==== Supplied data ====
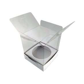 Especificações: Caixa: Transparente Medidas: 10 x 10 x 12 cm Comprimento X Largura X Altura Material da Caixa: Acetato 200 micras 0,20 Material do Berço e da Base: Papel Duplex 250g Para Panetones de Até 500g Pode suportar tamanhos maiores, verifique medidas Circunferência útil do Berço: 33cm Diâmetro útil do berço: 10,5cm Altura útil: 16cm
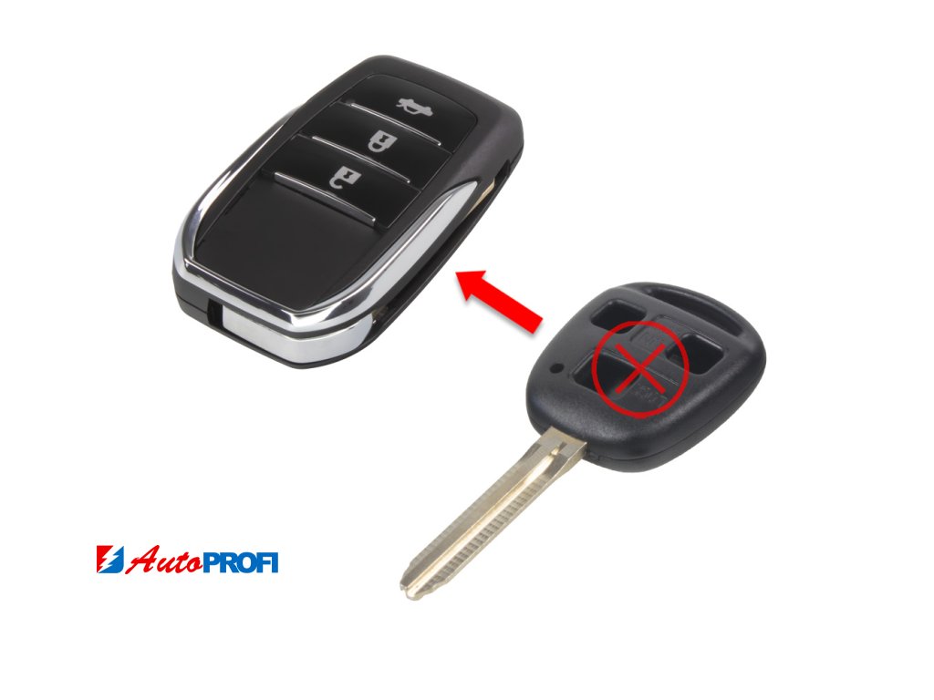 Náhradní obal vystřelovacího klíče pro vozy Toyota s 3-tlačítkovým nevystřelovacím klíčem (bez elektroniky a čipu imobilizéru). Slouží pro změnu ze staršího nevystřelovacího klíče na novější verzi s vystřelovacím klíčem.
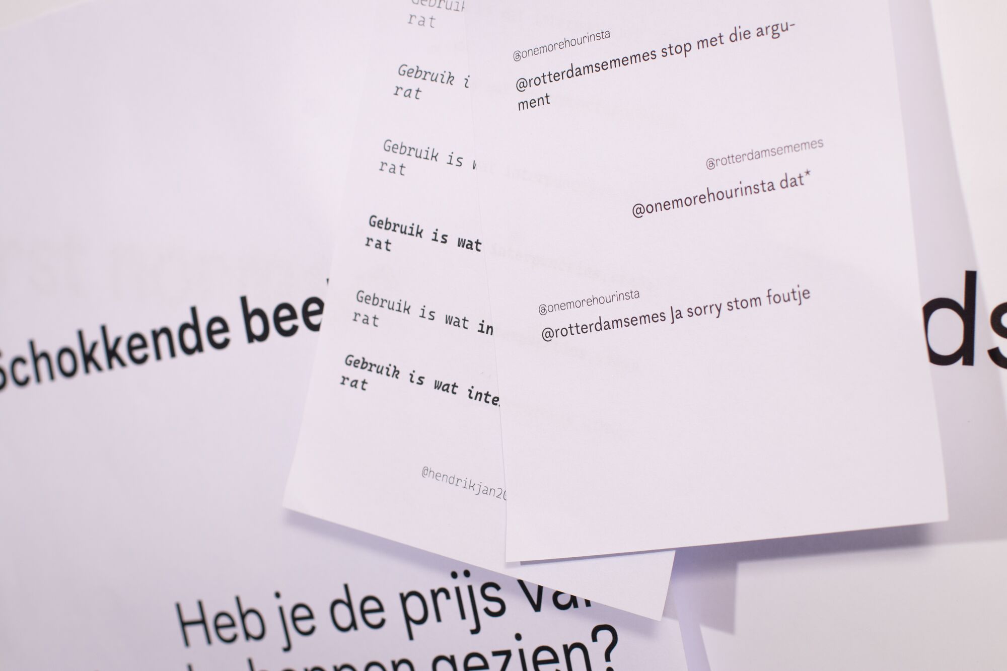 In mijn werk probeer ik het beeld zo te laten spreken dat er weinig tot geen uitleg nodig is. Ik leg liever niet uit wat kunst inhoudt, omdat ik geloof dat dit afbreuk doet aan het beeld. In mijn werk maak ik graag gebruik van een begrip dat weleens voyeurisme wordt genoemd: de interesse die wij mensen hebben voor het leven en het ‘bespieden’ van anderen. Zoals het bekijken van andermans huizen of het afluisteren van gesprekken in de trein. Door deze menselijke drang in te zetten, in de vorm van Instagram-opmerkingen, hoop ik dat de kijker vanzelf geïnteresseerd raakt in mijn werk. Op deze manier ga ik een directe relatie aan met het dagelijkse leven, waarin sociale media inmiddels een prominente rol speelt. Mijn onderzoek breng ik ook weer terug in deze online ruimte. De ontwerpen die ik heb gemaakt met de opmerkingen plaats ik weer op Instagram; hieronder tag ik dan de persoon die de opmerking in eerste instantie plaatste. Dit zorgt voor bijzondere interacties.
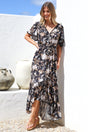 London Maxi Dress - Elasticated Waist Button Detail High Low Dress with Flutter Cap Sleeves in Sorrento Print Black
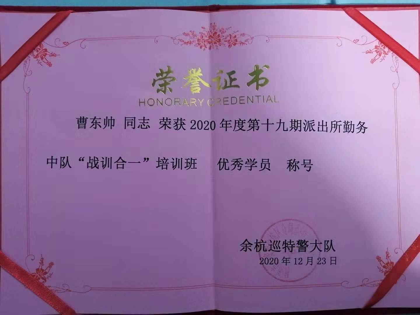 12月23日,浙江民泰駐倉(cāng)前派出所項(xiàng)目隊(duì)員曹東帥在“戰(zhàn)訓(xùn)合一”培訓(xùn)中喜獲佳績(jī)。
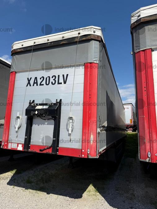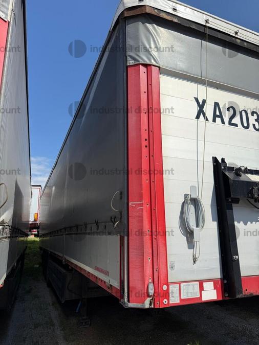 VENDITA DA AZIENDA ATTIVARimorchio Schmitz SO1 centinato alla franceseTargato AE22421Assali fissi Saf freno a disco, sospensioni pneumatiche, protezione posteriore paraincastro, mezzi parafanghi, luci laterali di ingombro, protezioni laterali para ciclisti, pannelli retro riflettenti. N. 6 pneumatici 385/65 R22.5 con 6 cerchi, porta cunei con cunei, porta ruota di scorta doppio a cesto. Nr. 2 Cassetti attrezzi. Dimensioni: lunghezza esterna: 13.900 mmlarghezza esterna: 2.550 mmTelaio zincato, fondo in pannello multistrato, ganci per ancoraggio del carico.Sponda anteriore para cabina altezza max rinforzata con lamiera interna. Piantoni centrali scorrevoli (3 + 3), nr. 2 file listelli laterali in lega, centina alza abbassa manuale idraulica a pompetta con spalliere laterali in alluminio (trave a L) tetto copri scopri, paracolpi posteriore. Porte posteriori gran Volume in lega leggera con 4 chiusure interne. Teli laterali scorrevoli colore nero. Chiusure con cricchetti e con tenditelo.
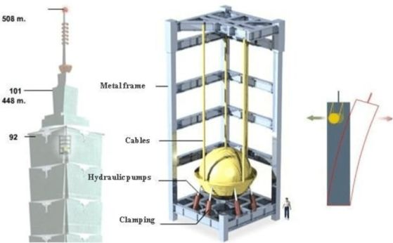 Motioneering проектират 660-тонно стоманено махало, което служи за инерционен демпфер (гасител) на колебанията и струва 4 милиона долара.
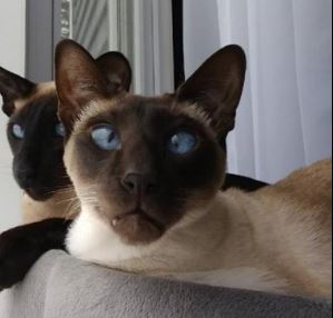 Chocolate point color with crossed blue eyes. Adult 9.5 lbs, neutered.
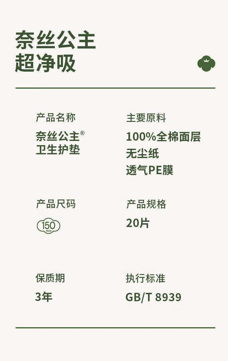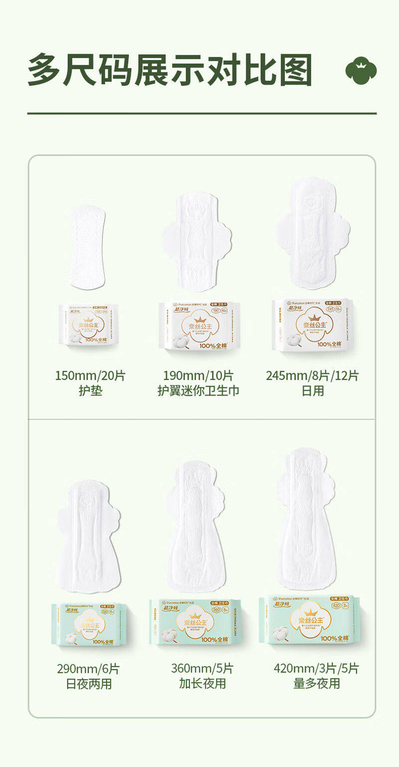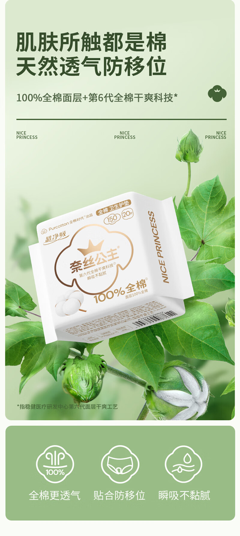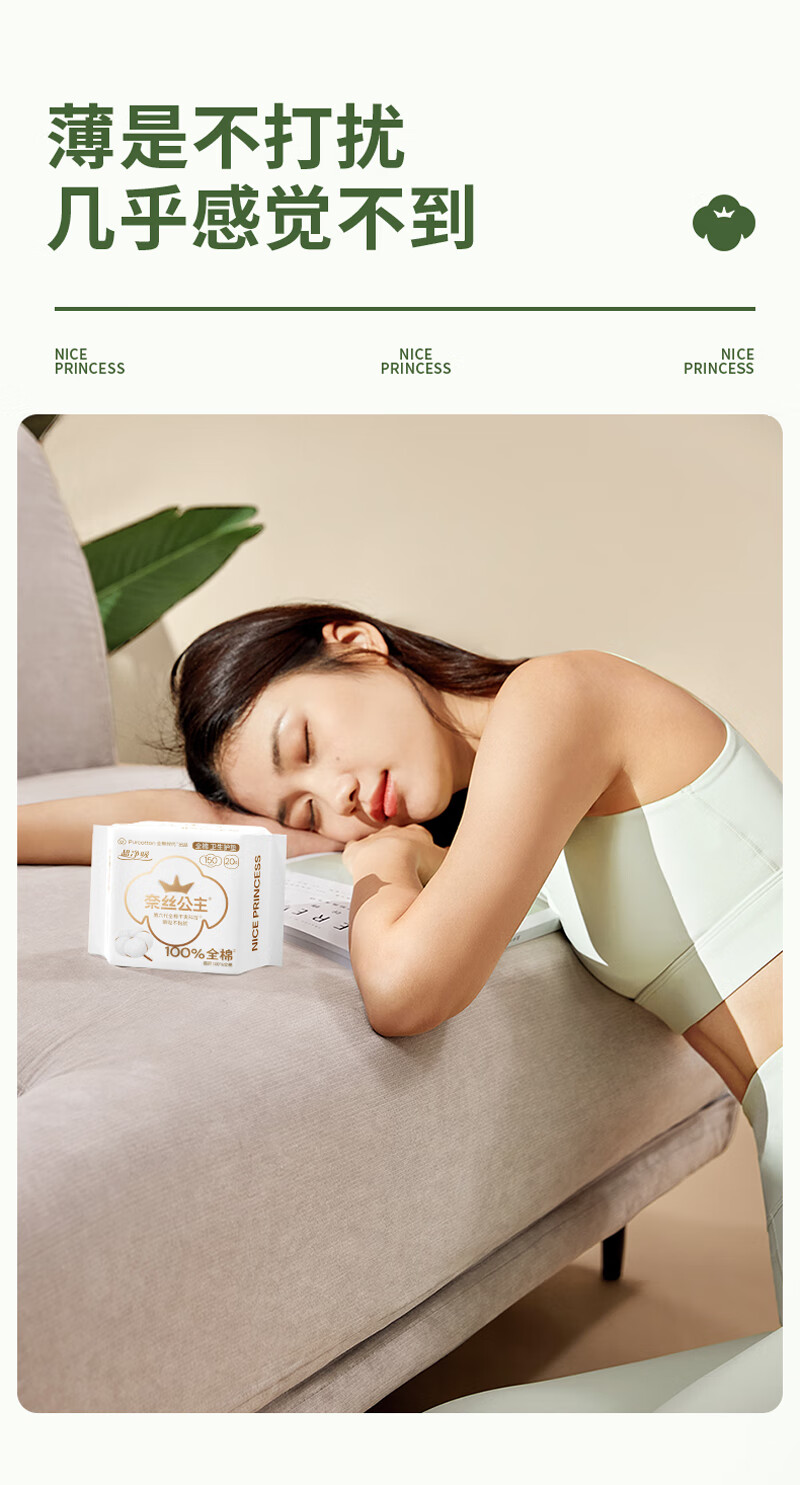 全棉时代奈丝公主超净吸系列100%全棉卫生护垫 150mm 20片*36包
====
Each line above is to be copied verbatim. Drop any image from the copy.

**Exercise result:**
 Especificações: Caixa: Transparente Medidas: 10 x 10 x 12 cm Comprimento X Largura X Altura Material da Caixa: Acetato 200 micras 0,20 Material do Berço e da Base: Papel Duplex 250g Para Panetones de Até 500g Pode suportar tamanhos maiores, verifique medidas Circunferência útil do Berço: 33cm Diâmetro útil do berço: 10,5cm Altura útil: 16cm
 Náhradní obal vystřelovacího klíče pro vozy Toyota s 3-tlačítkovým nevystřelovacím klíčem (bez elektroniky a čipu imobilizéru). Slouží pro změnu ze staršího nevystřelovacího klíče na novější verzi s vystřelovacím klíčem.
 In mijn werk probeer ik het beeld zo te laten spreken dat er weinig tot geen uitleg nodig is. Ik leg liever niet uit wat kunst inhoudt, omdat ik geloof dat dit afbreuk doet aan het beeld. In mijn werk maak ik graag gebruik van een begrip dat weleens voyeurisme wordt genoemd: de interesse die wij mensen hebben voor het leven en het ‘bespieden’ van anderen. Zoals het bekijken van andermans huizen of het afluisteren van gesprekken in de trein. Door deze menselijke drang in te zetten, in de vorm van Instagram-opmerkingen, hoop ik dat de kijker vanzelf geïnteresseerd raakt in mijn werk. Op deze manier ga ik een directe relatie aan met het dagelijkse leven, waarin sociale media inmiddels een prominente rol speelt. Mijn onderzoek breng ik ook weer terug in deze online ruimte. De ontwerpen die ik heb gemaakt met de opmerkingen plaats ik weer op Instagram; hieronder tag ik dan de persoon die de opmerking in eerste instantie plaatste. Dit zorgt voor bijzondere interacties.
 London Maxi Dress - Elasticated Waist Button Detail High Low Dress with Flutter Cap Sleeves in Sorrento Print Black
 12月23日,浙江民泰駐倉(cāng)前派出所項(xiàng)目隊(duì)員曹東帥在“戰(zhàn)訓(xùn)合一”培訓(xùn)中喜獲佳績(jī)。
 VENDITA DA AZIENDA ATTIVARimorchio Schmitz SO1 centinato alla franceseTargato AE22421Assali fissi Saf freno a disco, sospensioni pneumatiche, protezione posteriore paraincastro, mezzi parafanghi, luci laterali di ingombro, protezioni laterali para ciclisti, pannelli retro riflettenti. N. 6 pneumatici 385/65 R22.5 con 6 cerchi, porta cunei con cunei, porta ruota di scorta doppio a cesto. Nr. 2 Cassetti attrezzi. Dimensioni: lunghezza esterna: 13.900 mmlarghezza esterna: 2.550 mmTelaio zincato, fondo in pannello multistrato, ganci per ancoraggio del carico.Sponda anteriore para cabina altezza max rinforzata con lamiera interna. Piantoni centrali scorrevoli (3 + 3), nr. 2 file listelli laterali in lega, centina alza abbassa manuale idraulica a pompetta con spalliere laterali in alluminio (trave a L) tetto copri scopri, paracolpi posteriore. Porte posteriori gran Volume in lega leggera con 4 chiusure interne. Teli laterali scorrevoli colore nero. Chiusure con cricchetti e con tenditelo.
 Motioneering проектират 660-тонно стоманено махало, което служи за инерционен демпфер (гасител) на колебанията и струва 4 милиона долара.
 Chocolate point color with crossed blue eyes. Adult 9.5 lbs, neutered.
 全棉时代奈丝公主超净吸系列100%全棉卫生护垫 150mm 20片*36包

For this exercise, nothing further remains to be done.